## Supplied records
··········

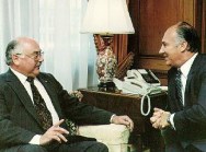 November 28, 2016 Countdown to Diamond Jubilee – Snapshots of Imamat – 1988 to 1992 324 × 241 Mawlana Hazar Imam in discussion with Marcel Masse, President of Canadian International Development Agency. Image: via Pinterest.
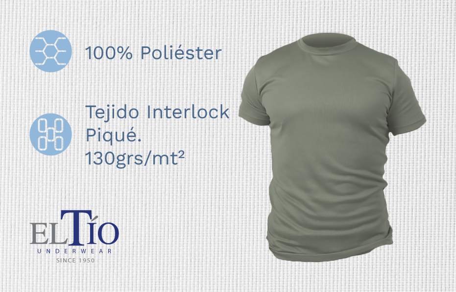 Composición: 100% Poliéster. Tejido: Interlock Piqué. Peso: 130grs/mt2. Color: Foliage Green. Tallas: XS – S – M – L – XL – XXL.
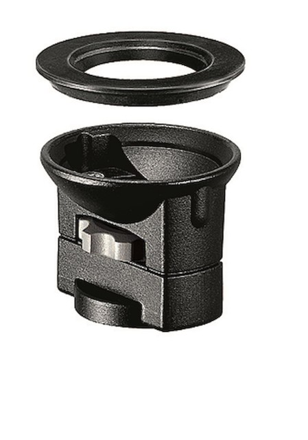 El adaptador Manfrotto 325N Bowl Adapter es un convertidor de aluminio que pesa 440 g y permite acoplar cualquier cabezal de vídeo de 75 mm o 100 mm a un trípode de base plana mediante una rosca interna de 3/8"-16. Garantiza una alineación rápida y firme de los cabezales fluidos en trípodes fotográficos o de iluminación.
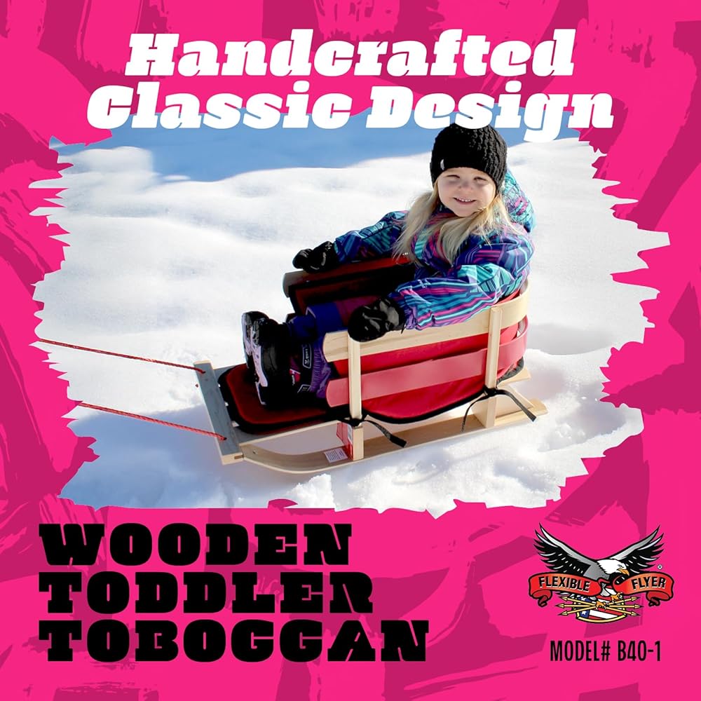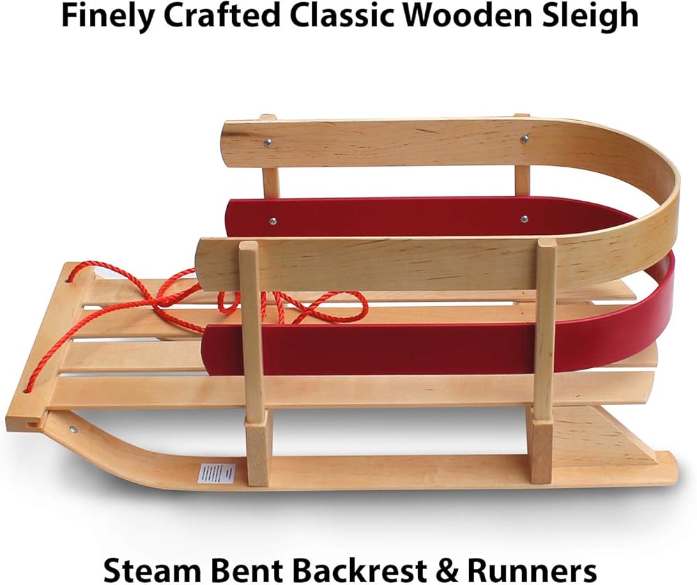 Hardwood – this kids sleigh is handcrafted from Northern hard rock Maple wood with steam bent backrest and runners. Toboggan for toddlers comes fully assembled
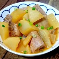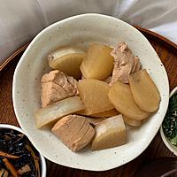 切って煮るだけの簡単レシピですが大根によく味が染み込んでいて美味しかったです。マグロは塩を振って水気を拭いてから霜降りをして、煮込む際に長ネギの青いところも加えています。きび砂糖使用。
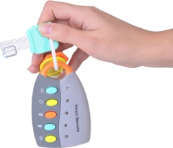 Kinderen houden ervan om volwassenen na te doen – en met deze interactieve sleutels beleven ze veel veilige en stimulerende pret. De afstandsbediening met gekleurde knoppen speelt vrolijke melodieën en authentieke autogeluiden af, vergezeld door knipperende lichtjes. Het speeltje is licht, ligt prettig in de hand en is gemakkelijk schoon te maken.
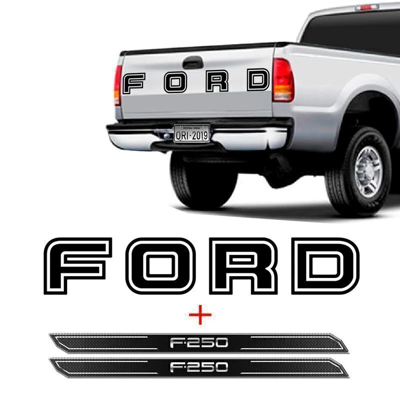 _x000D_Faixa Traseira Ford F-250 2 Portas 2004/2010 Adesivo Preto + Soleira Protetora
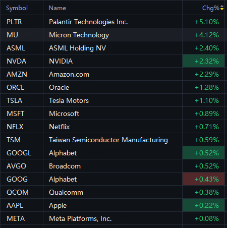 Big tech stocks rose in Wednesday trading. Palantir up 5%; Micron up 4%; Nvidia, Amazon, ASML up 2%; Tesla, Microsoft up 1%.
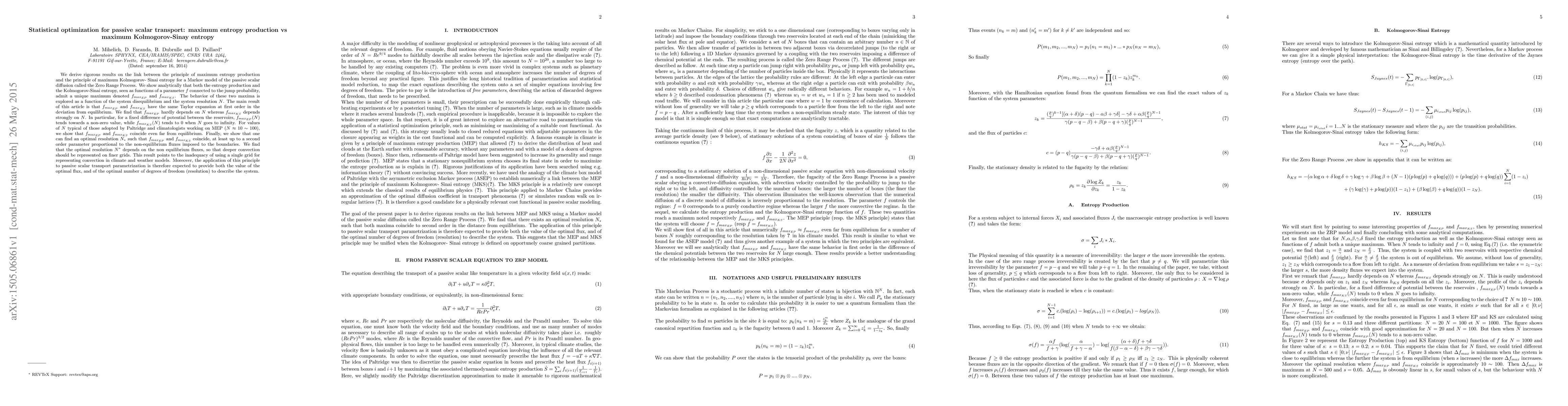 This paper explores the connection between two optimization principles in passive scalar transport: maximum entropy production and maximum Kolmogorov-Sinai entropy. It shows that these principles converge to the same optimal value at low system disequilibrium and resolution.
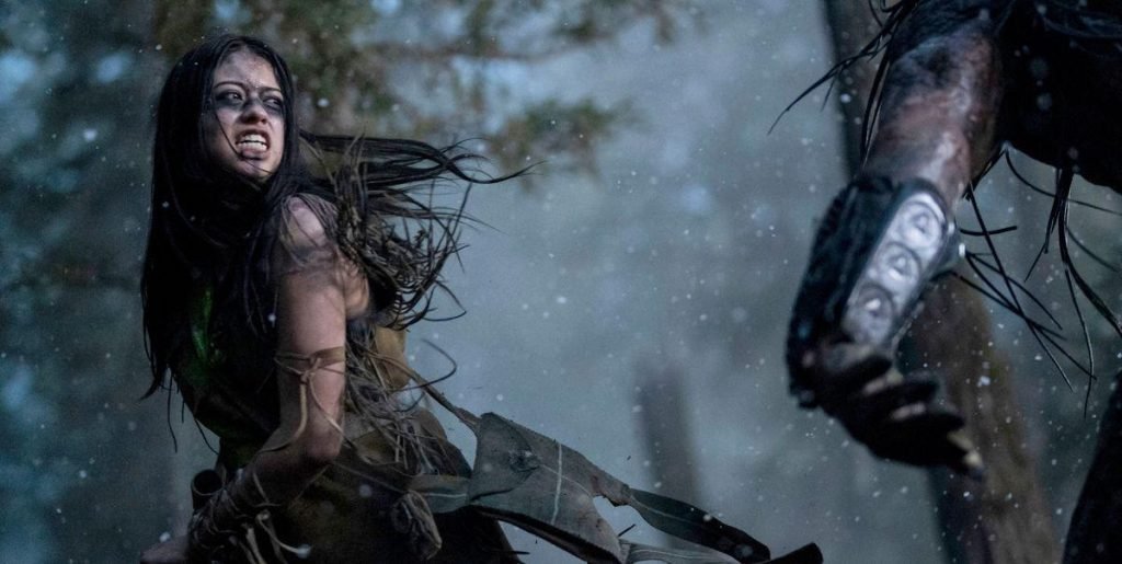 La película se toma el espacio y el tiempo para meditar sobre la batalla de inteligencia, poder y habilidad entre Naru y el depredador. A la vez, logra sostener un recorrido cada vez más frenético, elegante y pulcro a través de una batalla primitiva que tiene algo de mitológica. Sin duda, varios de los mejores momentos del argumento, son cuando enfrenta a Naru con un monstruo implacable. Una reminiscencia de los viejos dioses en lo que su tribu cree y que ella encuentra en la encarnación de una criatura inexplicable. El guion juega con la idea del mito, lo extraño y lo inquietante en medio de una lucha sangrienta. Y acierta al construir un escenario casi mitológico para sus personajes.

··········

## What this task involves
Within the listing above, extract exactly the lines that run from the one containing "El adaptador Manfrotto" through the one containing "Hardwood – this", excluding any pictures.

## Answer
 El adaptador Manfrotto 325N Bowl Adapter es un convertidor de aluminio que pesa 440 g y permite acoplar cualquier cabezal de vídeo de 75 mm o 100 mm a un trípode de base plana mediante una rosca interna de 3/8"-16. Garantiza una alineación rápida y firme de los cabezales fluidos en trípodes fotográficos o de iluminación.
 Hardwood – this kids sleigh is handcrafted from Northern hard rock Maple wood with steam bent backrest and runners. Toboggan for toddlers comes fully assembled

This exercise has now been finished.